第3章

第17話

 昼休みに生徒会室へ来るようにと、月日が累を呼び出したのは翌日だ。

 考えに考え抜いた末、誠意を見せたいと思ったのだ。


「こんにちは」


 生徒会室でスタンバっていると、累が時間通りにやってきた。


「用事ってなんですか?」

「せっかちね。まあ、そこに座って」


 累が席に着くのを確認し、冷蔵庫から冷やしておいた麦茶を出した。


「どうも」


 累は受け取ってすぐに飲み干してしまう。


「あなた本当にせっかちね」

「お昼休みの時間は限られていますから」

「まあ、そうよね……はい、これ」


 累の目の前に、布で包まれた箱を置く。


「これは?」

「開けてみてよ」


 言いながら、月日はちょっと離れた累の隣に腰を下ろした。

 彼女は一瞬だけ眉根を寄せたのだが、そろそろと布を解く。中から顔を出したのは、苺がプリントされた弁当箱だ。


「お弁当箱に見えますけど」

「そうよ」

「……これは?」


 累が本当にいぶかしんでいるので、月日は「あーもうっ!」と両手のこぶしを握り締めた。


「お弁当よ、作ったの!」

「ではどうぞ、先輩が食べてください」

「ワタシのはこっちにあるわ。それは、累のお弁当」

「はい?」


 開けてみてよと言うと、累は蓋に手を伸ばし、ぱかっと開けた。


「……」

「焦げちゃったの。お菓子作りはするけれど、お料理は苦手で」


 中には、ちょっと焦げた卵焼きと、ちょっと焦げた照り焼きチキンが入っている。

 彩りのプチトマトをまとめた串には、つまみの部分が星型だ。累はそれをまじまじと見ていた。あまり表情が動かない彼女が、驚いているのが月日にもわかる。


「私にですか?」

「あなた、毎日毎日パンとかお菓子ばっかりだから」


 ふふっと累が笑う。月日は、はじかれたように彼女を見た。

 累は箸を手に取ると、いただきますと手を合わせる。ちょっと焦げた卵焼きを切って、口に運び入れた。


「……美味しい」


 恐る恐る見ていた月日は、累の食べる姿にほっとして全身から力が抜けていく。


「美味しいです、先輩」

「……よかったわ。ワタシも一緒に食べていい?」

「どうぞ、お好きに」


 照り焼きチキンも美味しい、とにこにこしながら食べる累を見て、まったく同じ弁当を開きながら、月日は自然と笑みがこぼれていた。
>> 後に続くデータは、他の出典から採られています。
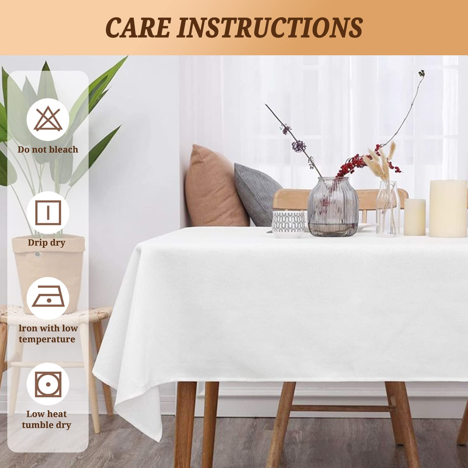 - Reusable Tablecloth: Premium Polyester table cloth Rectangle Tablecloths Easy to care, Machine wash in cold water, no worry of shrinkage, dry quickly.
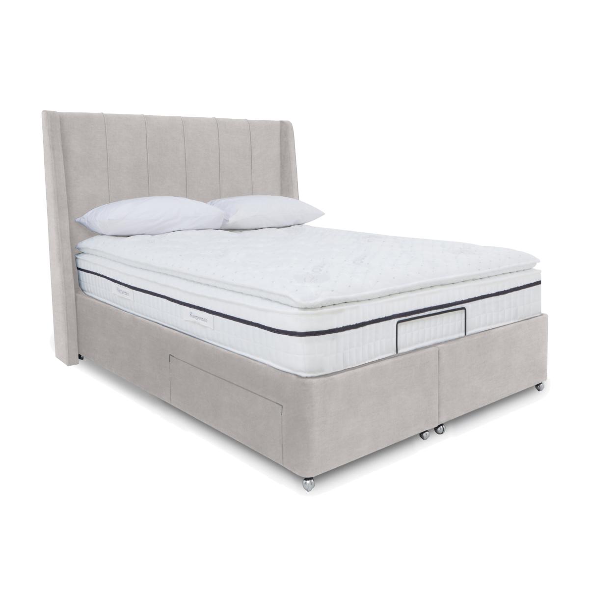 Enjoy modern glam bedroom style and perfectly personalised comfort with an adjustable divan bed base from our Akira range. Electric-powered for the smoothest of movements and with multi-setting remote control operation, these divan bases represent the height of adjustable bed technology. And because each comes complete with a beautifully upholstered and decidedly sumptuous headboard, they also score top marks for contemporary style. Bed bases are available in a choice of sizes and offer optional built-in storage and massage functionality. The range also includes dual bases. Designed and handcrafted exclusively for Furniture Village, the Akira range is part of our E-Motion adjustable bed collection. Enjoy truly personalised sleeping comfort with this beautifully upholstered adjustable divan base with optional storage drawers. The modern glam Akira winged headboard is included. Why you'll love it Find perfect comfort for better sleep with this adjustable divan base. This divan base comes with our modern glam Akira winged headboard. A simple wireless handset makes this bed so easy to adjust. Use the handy memory function to quickly return to your favourite comfort position. There’s even a weightless-feel pre-set position for TV watching. This divan base promotes restorative sleep by minimising discomfort that might wake you up. Adjustable beds can also reduce back ache, improve blood circulation and reduce snoring. It’s ideal if you need a little help getting in and out of bed. An ethical choice – this divan base is made with FSC-sourced wood. With optional storage drawers in a range of configurations. In a wide selection of fashionable upholstery fabric options. Designed and handcrafted just for Furniture Village. Made in the UK. Also available with 2-person adjustability and massage function. This adjustable divan base is part of our E-Motion range. What you need to know Mattress sold separately. To ensure bed base and mattress compatibility, consider a mattress from the E-Motion range. Please check the suitability of any mattress you are considering for this adjustable base. Available in single and king sizes. Do not sit on this adjustable bed with the foot end in a raised position. Clean regularly using a soft brush or vacuum with the curtain attachment. Deal with any spills promptly. Professional cleaning advised for oil- and grease-based stains. Some fabrics can show wear on areas of more use or in direct sunlight. Shop our E-Motion range for a huge choice of bed frames, divan bases, massage beds, mattresses and more.

「お料理苦手って言う割には、めっちゃ美味しいですよ先輩。ありがとうございます。焦げ味がアクセントです」

「それ、焦げてるってことじゃないのっ!」

「あはは!」


 累が笑った。


「あー、おかしい。先輩そんなに怒らなくても」

「累――……」


 月日はあんぐりと口を開けながら彼女を見た。

 思わず身を乗り出して、月日は彼女の頬を両手で包み込んでいた。

 突然頬を包まれた累は、驚いた顔のまま固まる。


「あなた、笑うと可愛いのね」

「……はあ。ありがとうございます」


 もういいですか、と言われて月日は両手を大慌てで引っ込める。累は気まずそうに口を曲げた。


「先輩のほうが可愛いですけどね。笑っていてもいなくても」


 累も気まずかったのか、いつも言わないようなことを口走った。さすがに予想していなかったため、月日の顔に一気に血が上ってくる。
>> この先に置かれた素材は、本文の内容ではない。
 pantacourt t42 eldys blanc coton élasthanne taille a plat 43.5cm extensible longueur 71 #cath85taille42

「可愛いというか、美人。みんな騒ぐのもわかります。生きた人形みたいですから」

「そそそそそそそんなことないわよ」

「そんなに挙動不審にならなくとも……」


 月日は累の視線を避けるように、そっぽを向いて自分のお弁当をつまむ。


「先輩。自分のお弁当も持ってきたんで食べていいですか?」

「え、もう食べ終わったの!?」


 月日作の弁当をすっからかんにした累は、ランチ用のバッグからどでかい入れ物を取り出した。
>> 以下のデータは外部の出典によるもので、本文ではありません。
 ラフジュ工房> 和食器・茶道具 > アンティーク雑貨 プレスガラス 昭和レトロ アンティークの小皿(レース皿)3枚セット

 月日が作ってきた弁当が、子どもサイズだったかと思われるような、超特大サイズだ。


「その量を全部食べるの!?」

「成長期なので」


 ラグビー部も真っ青な大きさの弁当箱を取り出して、累はパカッと蓋を開けた。

 身を乗り出して中身を覗き込み、月日はニコッと笑った。


「わ……すごいわ! これ、累が作ったの?」

「パンの日は、寝坊が原因です。基本的には、自炊します」


 ぎっしりとご飯が詰め込まれており、豚肉と茄子の味噌炒めがどどーんと入れられているという、まさに豪快そのものだ。


「なによ。あなた自分でお弁当作れるんじゃない」


(毎日パンだったから、作って来たのに)


 月日は豪華な弁当を見て、しゅんと気持ちが落ち込んだ。自分がしたことが、大きなおせっかいだったと気付く。


「作れますけど、先輩みたいに可愛いのは無理です」

「可愛いっていうか……焦げちゃったし」

「私を心配して作ってくれたんですよね。嬉しいです。ありがとうございます」


 累は、豚肉と茄子をちょっとだけ月日の弁当箱の蓋に乗せてきた。


「私のは手抜きなんで。でもこれあげます。お礼」


 月日は累がくれたみそ炒めを口に入れ、目を見開く。


「美味しいわ」

「先輩の手作りにはかないません。入ってるものが違うでしょう?」

「材料はもちろん違うけど」


 それに累は思い切りため息を吐いた。


「愛情をいれて作ってくれたんじゃないんですか?」

「愛……っ!?」


 月日の心臓が早鐘を打ち始める。だが、累はどこ吹く風で野菜をシャクシャクと食べていた。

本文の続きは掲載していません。